> _EXERCISE AIM_
Taking the line with "The exclusive business" as the first and the line with "A mosaic terrazzo" as the last, set down the lines below exactly, pictures excluded.

> _MATERIAL FOR THE TASK_
|---|
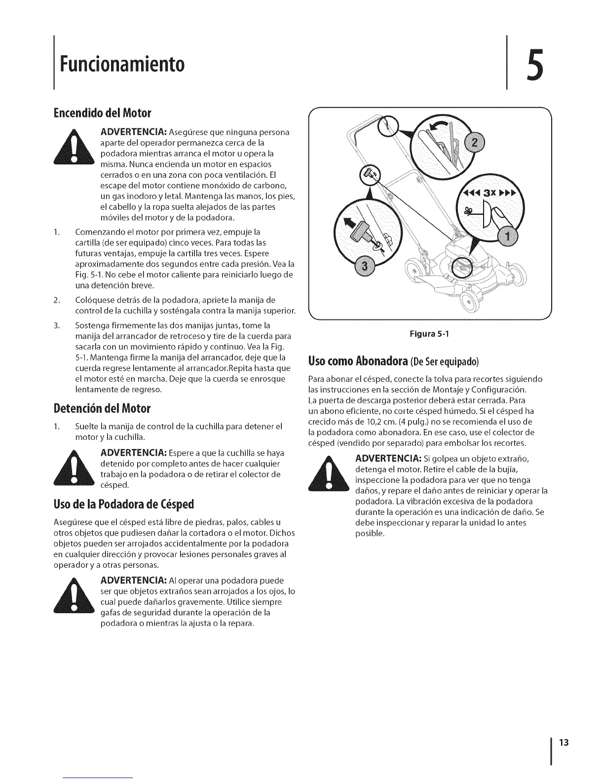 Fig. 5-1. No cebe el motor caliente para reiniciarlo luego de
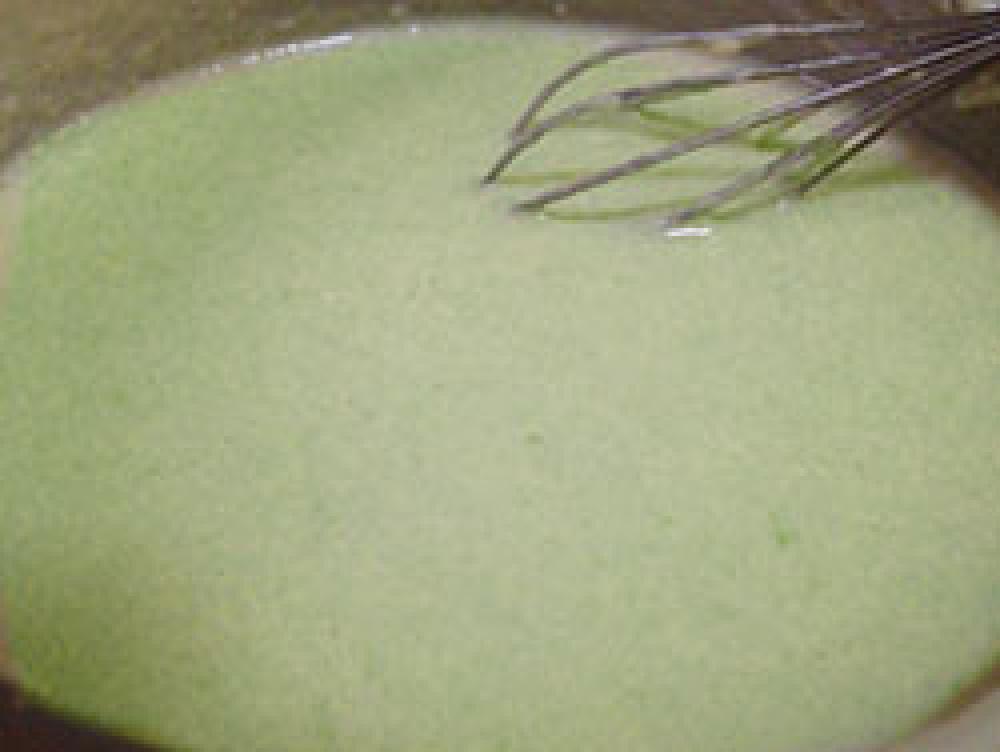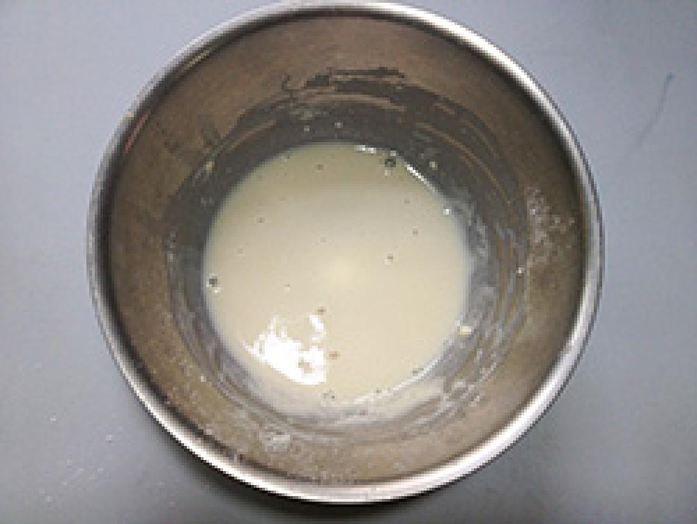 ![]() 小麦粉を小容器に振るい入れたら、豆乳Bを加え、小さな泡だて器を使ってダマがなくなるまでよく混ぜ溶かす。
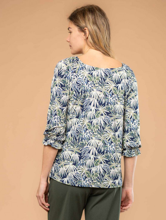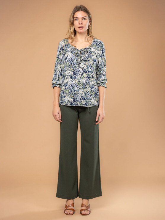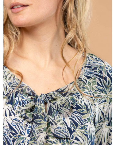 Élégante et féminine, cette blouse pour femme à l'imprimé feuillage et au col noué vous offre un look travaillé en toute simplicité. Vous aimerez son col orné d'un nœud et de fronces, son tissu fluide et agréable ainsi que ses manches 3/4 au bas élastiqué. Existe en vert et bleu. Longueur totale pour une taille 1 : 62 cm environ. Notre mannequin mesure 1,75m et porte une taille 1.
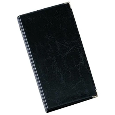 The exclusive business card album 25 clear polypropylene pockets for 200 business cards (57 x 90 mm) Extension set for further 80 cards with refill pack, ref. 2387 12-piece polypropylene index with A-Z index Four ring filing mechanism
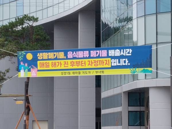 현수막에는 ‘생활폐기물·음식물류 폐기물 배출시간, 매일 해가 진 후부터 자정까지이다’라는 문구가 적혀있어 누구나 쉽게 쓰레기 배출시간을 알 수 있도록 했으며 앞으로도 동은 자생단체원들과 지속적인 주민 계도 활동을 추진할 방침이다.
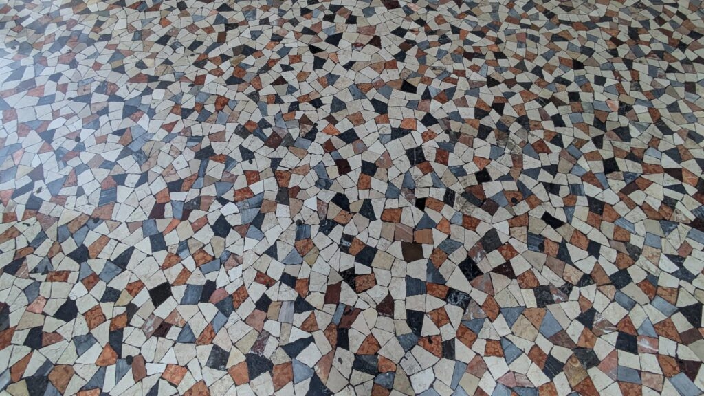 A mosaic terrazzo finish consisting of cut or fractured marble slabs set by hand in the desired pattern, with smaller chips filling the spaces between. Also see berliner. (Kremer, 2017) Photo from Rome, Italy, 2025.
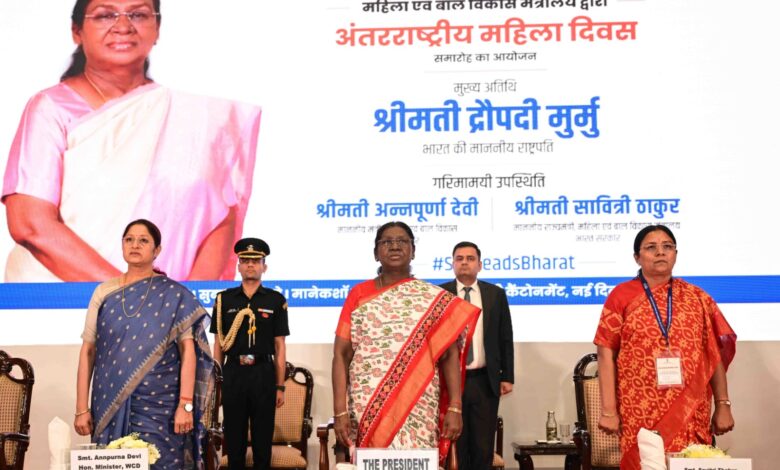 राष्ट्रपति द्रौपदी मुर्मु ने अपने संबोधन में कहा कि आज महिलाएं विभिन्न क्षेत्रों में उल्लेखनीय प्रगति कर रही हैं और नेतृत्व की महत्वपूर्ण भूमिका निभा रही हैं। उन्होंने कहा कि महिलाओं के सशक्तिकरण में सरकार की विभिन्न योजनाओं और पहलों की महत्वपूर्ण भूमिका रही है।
|---|
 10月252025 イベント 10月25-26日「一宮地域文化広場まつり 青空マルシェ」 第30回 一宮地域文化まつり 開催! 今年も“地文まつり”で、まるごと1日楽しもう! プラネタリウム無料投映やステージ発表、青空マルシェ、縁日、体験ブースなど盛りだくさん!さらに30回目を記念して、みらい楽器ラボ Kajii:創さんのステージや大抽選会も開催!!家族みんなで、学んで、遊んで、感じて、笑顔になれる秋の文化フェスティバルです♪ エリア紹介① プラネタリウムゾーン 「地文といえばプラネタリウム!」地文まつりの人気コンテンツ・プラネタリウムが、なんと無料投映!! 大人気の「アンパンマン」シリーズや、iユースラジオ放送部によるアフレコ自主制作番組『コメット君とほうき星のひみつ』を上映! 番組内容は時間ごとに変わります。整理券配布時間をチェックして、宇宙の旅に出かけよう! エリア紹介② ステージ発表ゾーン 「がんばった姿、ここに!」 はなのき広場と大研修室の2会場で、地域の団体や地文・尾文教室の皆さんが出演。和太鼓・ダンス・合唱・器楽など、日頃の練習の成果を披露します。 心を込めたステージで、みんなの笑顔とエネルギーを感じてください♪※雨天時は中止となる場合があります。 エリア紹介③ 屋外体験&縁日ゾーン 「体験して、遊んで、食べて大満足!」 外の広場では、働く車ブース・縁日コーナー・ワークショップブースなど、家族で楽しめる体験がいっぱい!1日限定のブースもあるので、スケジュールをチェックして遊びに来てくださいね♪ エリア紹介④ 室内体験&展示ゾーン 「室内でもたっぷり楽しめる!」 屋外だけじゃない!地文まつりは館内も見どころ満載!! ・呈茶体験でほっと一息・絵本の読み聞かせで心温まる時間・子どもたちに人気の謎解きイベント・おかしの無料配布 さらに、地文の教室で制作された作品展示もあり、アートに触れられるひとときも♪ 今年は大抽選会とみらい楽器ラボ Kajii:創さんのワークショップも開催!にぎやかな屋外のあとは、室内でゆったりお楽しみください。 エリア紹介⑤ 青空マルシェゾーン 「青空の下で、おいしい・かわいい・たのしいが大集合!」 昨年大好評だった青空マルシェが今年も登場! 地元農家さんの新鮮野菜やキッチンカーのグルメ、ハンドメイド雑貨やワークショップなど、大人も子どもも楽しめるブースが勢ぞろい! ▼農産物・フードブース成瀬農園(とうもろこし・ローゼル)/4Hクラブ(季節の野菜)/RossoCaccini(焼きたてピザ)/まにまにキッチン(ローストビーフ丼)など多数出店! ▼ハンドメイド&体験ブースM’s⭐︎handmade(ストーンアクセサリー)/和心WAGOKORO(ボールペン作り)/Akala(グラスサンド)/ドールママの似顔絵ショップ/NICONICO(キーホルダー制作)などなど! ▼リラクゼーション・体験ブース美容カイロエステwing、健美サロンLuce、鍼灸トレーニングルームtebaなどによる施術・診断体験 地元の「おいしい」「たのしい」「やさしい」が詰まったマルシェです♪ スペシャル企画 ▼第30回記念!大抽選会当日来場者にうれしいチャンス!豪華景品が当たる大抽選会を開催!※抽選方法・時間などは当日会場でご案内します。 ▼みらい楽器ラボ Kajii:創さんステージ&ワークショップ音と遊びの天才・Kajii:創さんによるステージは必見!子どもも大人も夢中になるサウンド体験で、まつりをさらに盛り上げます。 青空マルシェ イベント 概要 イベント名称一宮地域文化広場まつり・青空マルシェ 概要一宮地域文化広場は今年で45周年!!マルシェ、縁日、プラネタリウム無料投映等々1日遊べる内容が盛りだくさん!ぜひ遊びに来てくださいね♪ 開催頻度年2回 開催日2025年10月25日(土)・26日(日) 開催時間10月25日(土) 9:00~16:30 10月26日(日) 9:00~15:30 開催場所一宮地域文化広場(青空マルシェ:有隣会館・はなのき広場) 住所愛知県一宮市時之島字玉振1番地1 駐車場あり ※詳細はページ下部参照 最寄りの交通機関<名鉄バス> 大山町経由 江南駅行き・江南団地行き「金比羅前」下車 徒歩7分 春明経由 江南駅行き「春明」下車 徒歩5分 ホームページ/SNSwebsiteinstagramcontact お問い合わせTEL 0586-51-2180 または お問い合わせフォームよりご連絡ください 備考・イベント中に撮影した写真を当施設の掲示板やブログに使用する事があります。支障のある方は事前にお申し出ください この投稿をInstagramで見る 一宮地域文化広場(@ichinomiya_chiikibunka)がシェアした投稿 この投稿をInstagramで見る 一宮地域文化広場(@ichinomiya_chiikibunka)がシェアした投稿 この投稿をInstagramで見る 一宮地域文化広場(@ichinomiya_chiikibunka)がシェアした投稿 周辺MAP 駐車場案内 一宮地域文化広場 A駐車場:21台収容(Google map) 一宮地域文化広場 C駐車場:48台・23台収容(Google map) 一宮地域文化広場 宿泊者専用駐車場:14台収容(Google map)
|---|
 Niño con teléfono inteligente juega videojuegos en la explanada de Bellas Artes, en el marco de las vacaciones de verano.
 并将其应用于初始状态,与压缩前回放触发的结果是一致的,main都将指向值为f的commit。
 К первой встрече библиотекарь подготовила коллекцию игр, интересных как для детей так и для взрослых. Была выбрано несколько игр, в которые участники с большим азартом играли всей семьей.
|---|
> _SOLUTION TO THIS TASK_
 The exclusive business card album 25 clear polypropylene pockets for 200 business cards (57 x 90 mm) Extension set for further 80 cards with refill pack, ref. 2387 12-piece polypropylene index with A-Z index Four ring filing mechanism
 현수막에는 ‘생활폐기물·음식물류 폐기물 배출시간, 매일 해가 진 후부터 자정까지이다’라는 문구가 적혀있어 누구나 쉽게 쓰레기 배출시간을 알 수 있도록 했으며 앞으로도 동은 자생단체원들과 지속적인 주민 계도 활동을 추진할 방침이다.
 A mosaic terrazzo finish consisting of cut or fractured marble slabs set by hand in the desired pattern, with smaller chips filling the spaces between. Also see berliner. (Kremer, 2017) Photo from Rome, Italy, 2025.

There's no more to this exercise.